BBC 2 rocks online mate! If I see you on we'll squad up, blows MW2 out the water!


----------



## robj20 (Jan 20, 2009)

Fallout 3
Bioshock 2
infamous
uncharted 2
wolfenstein
fear 2
resistance 2


----------



## winrya (Aug 4, 2006)

lpoolck said:


> Uncharted 2 (PS3)


The best game i've ever played IMO!


----------



## wolliwuk (Feb 11, 2008)

Uncharted 2 (PS3)
Final Fantasy XIII (xbox)
MW2 .... only problem was the story is a bit short (xbox)


----------



## littlejack (Jun 11, 2008)

Got too be gears of war 2 cant wait for the new one out in 2011


----------



## dew1911 (Jun 9, 2009)

Between Forza 3 and Split/Screen Velocity for me


----------



## Eddy (Apr 13, 2008)

Mw2
fifa 10


----------



## Needs a clean (May 24, 2008)

Im still a massive Halo 3 fan, and Grid Racedriver fan.
Gears of War 2 was also a goodun for me too.
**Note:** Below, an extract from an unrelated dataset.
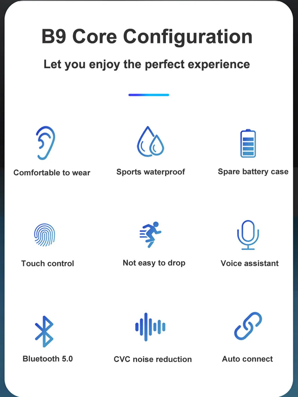 1. Бинауральная беспроводная, 8D стерео Звук, беспроводной Bluetooth новое обновление поставляется 2. Четырехъядерный звук, восстановление оригинального звука, полноэкранный композитный динамик, Вы никогда не сможете восстановить оригинальный звук. 3. Мастер-раб переключатель, забрать и слушать, прорваться через традиционные Наушники и подсоединение наушников, оба master-headphones, могут быть Подключен к мобильный телефон в любое время. 4. Двухъядерный быстрый заряд, может заряжать мобильный телефон, не только обеспечивает мощный Питание для гарнитуры, но также заряжает мобильный телефон 5. Глубокие водонепроницаемые наушники могут быть водяными, высокое качество контроля, действительно достичь Уровень XP водонепроницаемый/пыленепроницаемый, не бойтесь глубокой воды. 6.5.0 Bluetooth стабильное полное обновление ядра, V50 чип обновления ядра, более стабильный Передача, более простое подключение, легкое прослушивание и пение. Звонки больше Стабильный, игры не 7. Интеллектуальный цифровой дисплей хорошо виден. Сила левого и Правильные наушники и зарядный отсек четко видны с первого взгляда. Зарядка отсека питания, левый и правый наушник питания 8. Полностью совместим с bluetooth-подключением Поддержка нескольких платформ приложений, Расстояние соединения передачи Bluetooth до 10 м Чип: BT88xx Версия Bluetooth: 5,0 Динамик для наушников: 88 мм Емкость аккумулятора для наушников: 40 мАч Время зарядки наушников: 0,8 часов Емкость аккумулятора: 1800 мАч Время зарядки внешний зарядный отсек: 1,2 часов Расстояние передачи:> 10 м Время работы в режиме разговора: 3 часа Время непрерывной работы: 3,2 часов Система поддержки: все устройства с поддержкой Bluetooth и мобильные телефоны Упаковочный лист: 1 x чехол для зарядки 2 x наушники 1 кабель для передачи данных

COD MW2 goes without saying.


----------



## Leemack (Mar 6, 2009)

MW2 and only MW2 :thumb:


----------



## Alex_225 (Feb 7, 2008)

Forza 3
Left 4 Dead II

Currently on Alien Vs Predator and rather in enjoying it too.


----------



## Guest (Jun 4, 2010)

Just thought I'd rekindle this one....

MW2 and Fallout 3 but have a copy of RDR waiting for me at home


----------



## Gruffs (Dec 10, 2007)

Hide the sausage!


Not that sort of game?

Fifa 10 on the Wii. Simple footy game that's not too hard to play.


----------